Once you find the line with "Si prega di notare", output it and every line after it exactly, through the last line of the listing, but no pictures.

(Beginning of INFORMATION PROVIDED)

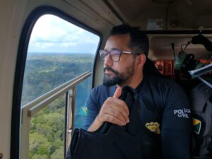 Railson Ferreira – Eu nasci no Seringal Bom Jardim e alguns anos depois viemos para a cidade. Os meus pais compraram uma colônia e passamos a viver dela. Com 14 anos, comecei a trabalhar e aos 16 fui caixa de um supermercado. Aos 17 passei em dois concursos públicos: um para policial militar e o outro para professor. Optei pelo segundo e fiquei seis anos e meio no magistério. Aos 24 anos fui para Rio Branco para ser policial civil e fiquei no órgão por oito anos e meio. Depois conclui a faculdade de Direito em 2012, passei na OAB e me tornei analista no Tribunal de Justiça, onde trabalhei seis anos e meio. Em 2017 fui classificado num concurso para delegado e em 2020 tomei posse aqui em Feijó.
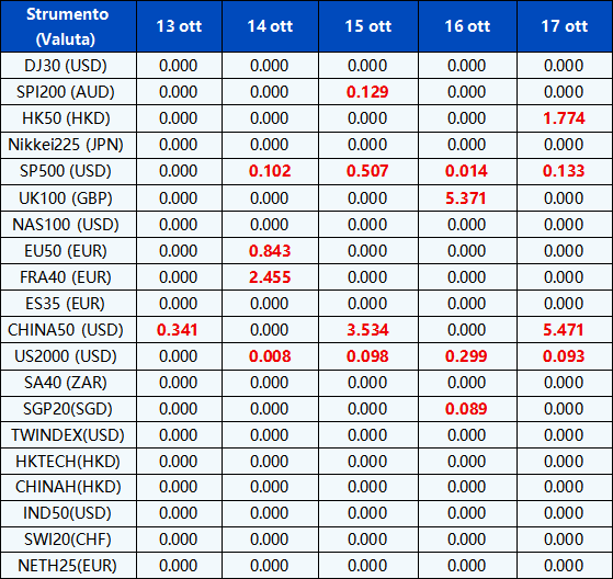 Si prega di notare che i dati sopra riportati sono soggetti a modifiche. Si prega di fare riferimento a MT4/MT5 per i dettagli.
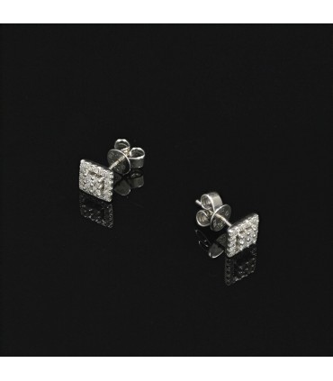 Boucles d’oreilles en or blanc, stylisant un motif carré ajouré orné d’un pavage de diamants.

(End of INFORMATION PROVIDED)

RESPONSE FOR THIS EXERCISE:
 Si prega di notare che i dati sopra riportati sono soggetti a modifiche. Si prega di fare riferimento a MT4/MT5 per i dettagli.
 Boucles d’oreilles en or blanc, stylisant un motif carré ajouré orné d’un pavage de diamants.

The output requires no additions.